There are countless ways for businesses to grow. Some of these include organic growth, which is about growing sales and/or margin with existing customers or by reducing costs. That sales growth might involve new products related to the portfolio, more customers, increasing prices, hiring more salespeople, and so on.

Another option for growth is through diversification. This can be a challenge for any business and the world is full of examples of successes and failures. Virgin is one exception, where it capitalises on its unique brand name to exploit opportunities in many ways. But Virgin Cola wasn’t such a positive result. Neither was Cosmopolitan Yoghurt, an offshoot of the international magazine.

Other global brands like Disney, with its extension into theme parks, retailing and cruise ships, worked amazingly well. So did Hewlett Packard, when it ventured from PCs into printers. So what’s the secret to successful diversification?

Conditions for effective diversification

Donnelly Fruit and Veg in north Co Dublin has diversified over its 39 years of existence with great success. Now one of the top wholesalers of fruit and vegetables in the country, they have a lot to build on for the future. In its case, the key ingredients for successful diversification answered two key questions…

1 Does the new business significantly improve or take away from the value proposition of the current business?

2 Does it use enough of the company’s unique capabilities to give the company a right to succeed in the new market?

FruitBox.ie

FruitBox.ie is a newly-launched business for Donnelly, headed up by Paul Hussey, the wholesale fruit and veg manager. Capitalising on the very strong health and wellness revolution in society, FruitBox is a B2B business that delivers a box of fresh fruit direct to your business.

As organisations look for innovative ways to engage their own employees, this is a novel idea that also supports their health and wellness.
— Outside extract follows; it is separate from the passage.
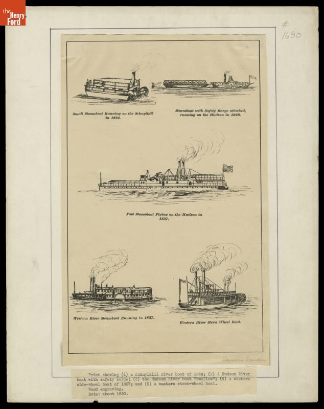 Five River Steamboats (as Depicted 1824-1837), Wood Engraving, circa 1880
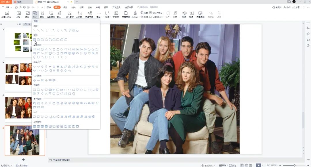 1、现在PPT中插入一张图片,点击插入的形状。

Orders can be placed on a fixed basis, say twice a week, or can be ordered at short notice and delivered inside a guaranteed 90 minutes.

Challenges with creating a new adjacent business

Does the new business add to the value proposition of the current business?

The FruitBox concept was born out of a number of industry dynamics. One is the evolving retail landscape in Ireland which is dominated by five big players. Acquiring additional new customers is less of an option. Additionally as it is a commodity business, prices and therefore margins, are very tight. And Donnelly also wanted to ensure they built a B2B model, so that it doesn’t encroach on the existing retail customer base.

The name ‘Donnelly’ is only starting to get recognised by the consumer, but has a strong reputation for quality and service built up over its lifetime with its retail customers. Building further on that reputation, it was keen to develop a proposition that was aligned with that strategy. The product mix is an exact subset of the main portfolio in the wholesale collection.

Does it use the company’s capabilities?

Clearly the skills of the organisation such as buying, marketing, selling and delivering fresh fruit and vegetables is being used in FruitBox.ie. No new suppliers or products are being used. Products are already in stock and some systems are in place. The people involved are highly experienced and skilled at what they do, so it seems like an obvious extension or adjacency to the main Donnelly business. Having answered the two questions above, Donnelly set out to launch FruitBox.

New Diversified Business Launch Tips

1 Invest wisely: The only significant investment made was in technology, packaging and, more recently marketing, to launch the concept. The team have been clever in partnering with a new ‘Uber-type couriers’ service called Zendfast. Headed up by logistics industry expert Declan Murray, Donnelly has not had to invest a single cent in delivery vans or drivers.

When a customer places an order, a message simultaneously goes to Donnelly and Zendfast, where a Zendfast courier will collect the box from Donnelly and deliver to the customer’s door. It has been decided to not build an app at this time. It is assumed that all B2B customers will have ready access to a desktop, so orders are placed online from a desktop PC or mobile device.

2 Get the message out there: Starting with a social media campaign only for now, Donnelly has also outsourced the digital marketing to a specialist company called Effector.ie. Recognising that this marketing medium is very specialised, Donnelly has decided to embrace this channel, taking comfort from knowing that it can be clearly measured.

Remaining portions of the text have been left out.